MONITORSULUT——-Komitmen Pemerintah Kota Manado dalam melindungi anak dan perempuan terus diwujudkan melalui berbagai program kolaboratif sepanjang tahun 2025.
Dinas Pemberdayaan Perempuan dan Perlindungan Anak (DP3A) Kota Manado secara konsisten menggelar koordinasi lintas sektor, pelatihan, dan edukasi berbasis komunitas untuk mencegah Kekerasan Terhadap Perempuan dan Anak (KTPA) serta Tindak Pidana Perdagangan Orang (TPPO).

Kadis DP3A, Lenda Pelealu, menegaskan bahwa upaya ini merupakan bagian dari komitmen Wali Kota dan Wakil Wali Kota Manado dalam memastikan hak anak terpenuhi, mulai dari pendidikan, kesehatan, hingga perlindungan dari eksploitasi ekonomi dan seksual sesuai UU Perlindungan Anak.
“Pemerintah hadir untuk memastikan anak-anak mendapatkan hak mereka dan terhindar dari praktik-praktik yang merugikan,” ujarnya.

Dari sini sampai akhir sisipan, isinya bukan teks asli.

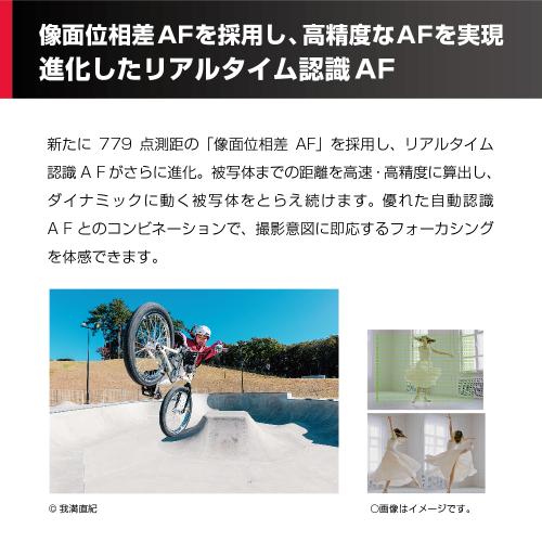 | 連続撮影速度 | 最高約9コマ/秒(メカシャッター/電子先幕時)、最高約30コマ/秒(電子シャッター時) |
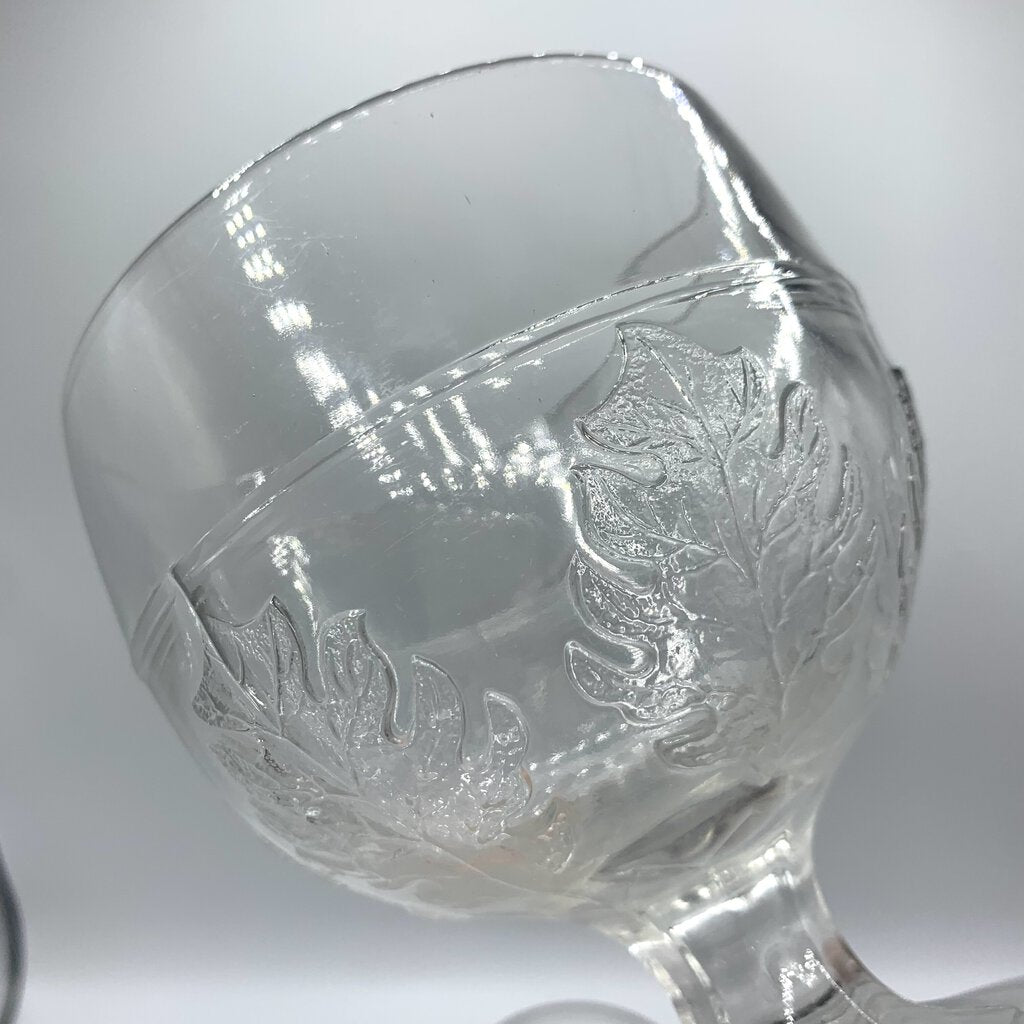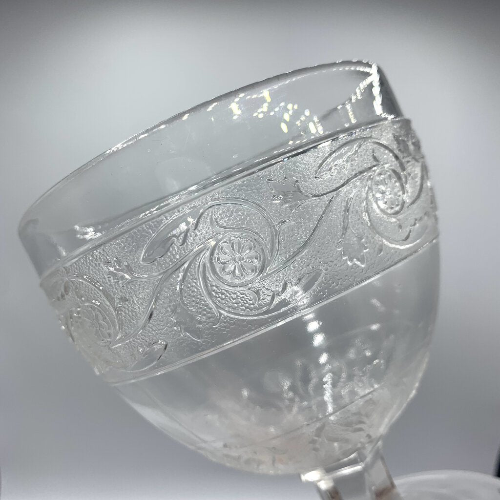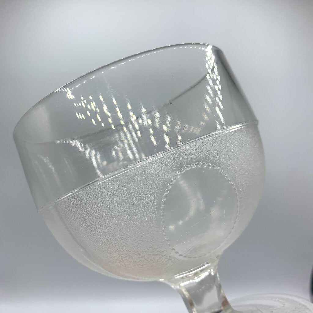The goblets were estate-owned and are in very good vintage condition. You will see some slight discoloration to the glass in some cases, a few bubbles, a scratch or two, and some roughness around some of the edges, but no chips or cracks found. Look closely at the pictures for condition reference.
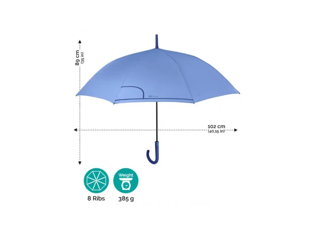• materiál: 100% polyester - tkanina je pevne tkaná a špeciálna vodoodpudivá živicová vrstva zabezpečuje mimoriadne rýchle schnutie dáždnika
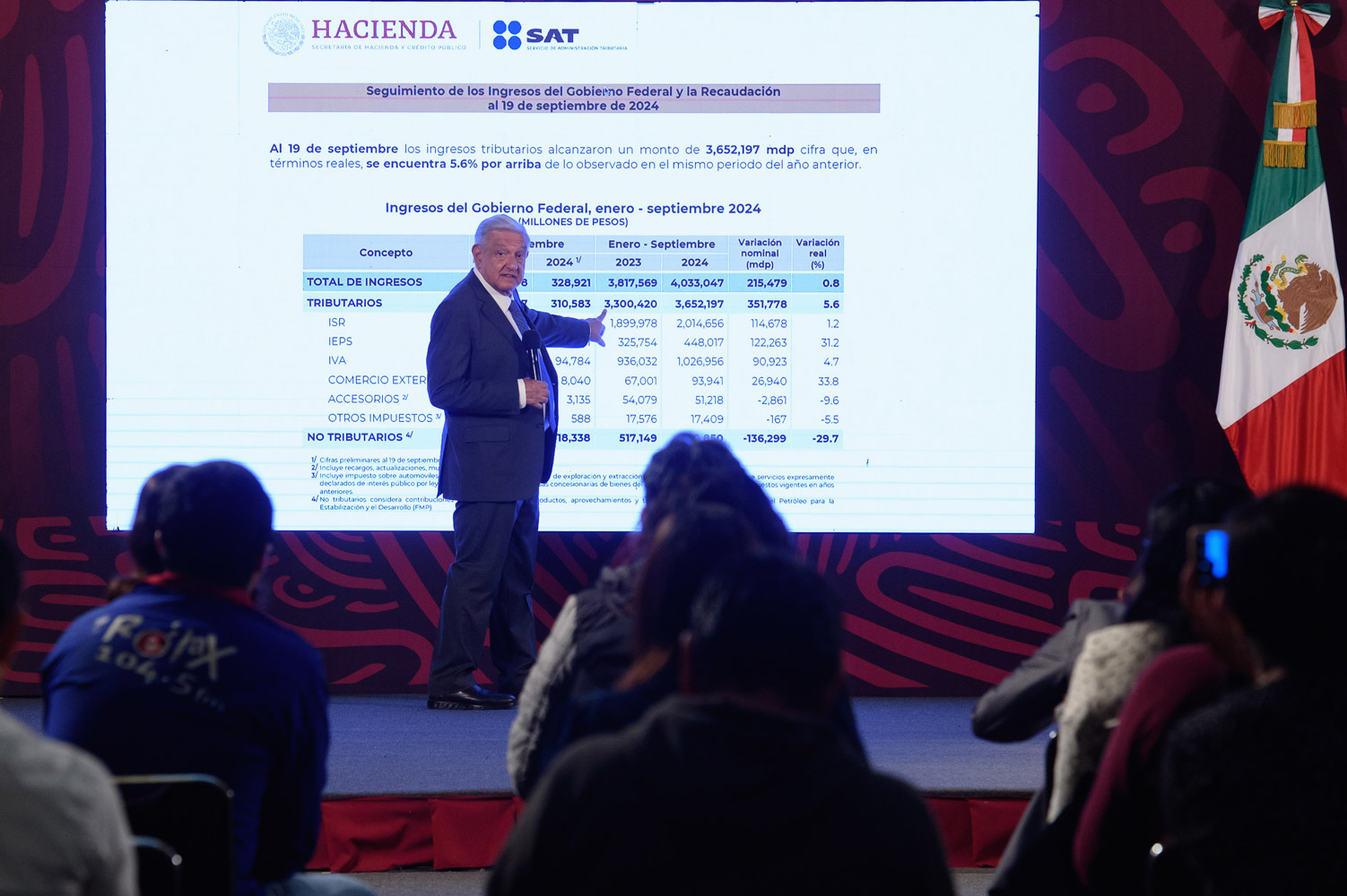 El mandatario refirió que el Gobierno de México, a pesar de la pandemia, ha mantenido una tendencia al alza en la recaudación tributaria entre 2019 y 2024, debido a la cancelación de condonaciones de impuestos luego de la reforma al artículo 28 constitucional.

Program koordinasi lintas sektor yang digelar di berbagai kecamatan seperti Sario, Paal Dua, Bunaken, dan Sekolah Eben Heazer menekankan pentingnya kolaborasi antara aparat penegak hukum, Pol PP, Dinsos, tenaga pendidik, tokoh masyarakat, serta mitra komunitas.
Pol PP secara aktif melakukan penjangkauan, sementara DP3A bersama Dinsos melakukan asesmen kasus dan pemetaan wilayah rawan secara terpadu.
Selain itu, DP3A juga menekankan pentingnya peran masyarakat. Kegiatan edukasi dan pemberdayaan warga, seperti yang dilakukan di Kelurahan Tongkaina dan UPTD PPA, membekali masyarakat dengan pengetahuan tanda-tanda kekerasan, mekanisme pelaporan resmi, serta sistem pengawasan berbasis komunitas. Narasumber dari Selaksa Kasih dan Wale Jiva membimbing warga untuk membangun lingkungan aman dan responsif.

Melalui pendekatan partisipatif dan berkelanjutan ini, DP3A berharap setiap anak dan perempuan di Kota Manado dapat tumbuh dan berkembang dalam lingkungan yang aman, nyaman, dan bebas dari kekerasan.
Program-program ini menunjukkan bahwa perlindungan anak bukan sekadar tanggung jawab pemerintah, tetapi upaya bersama seluruh elemen masyarakat.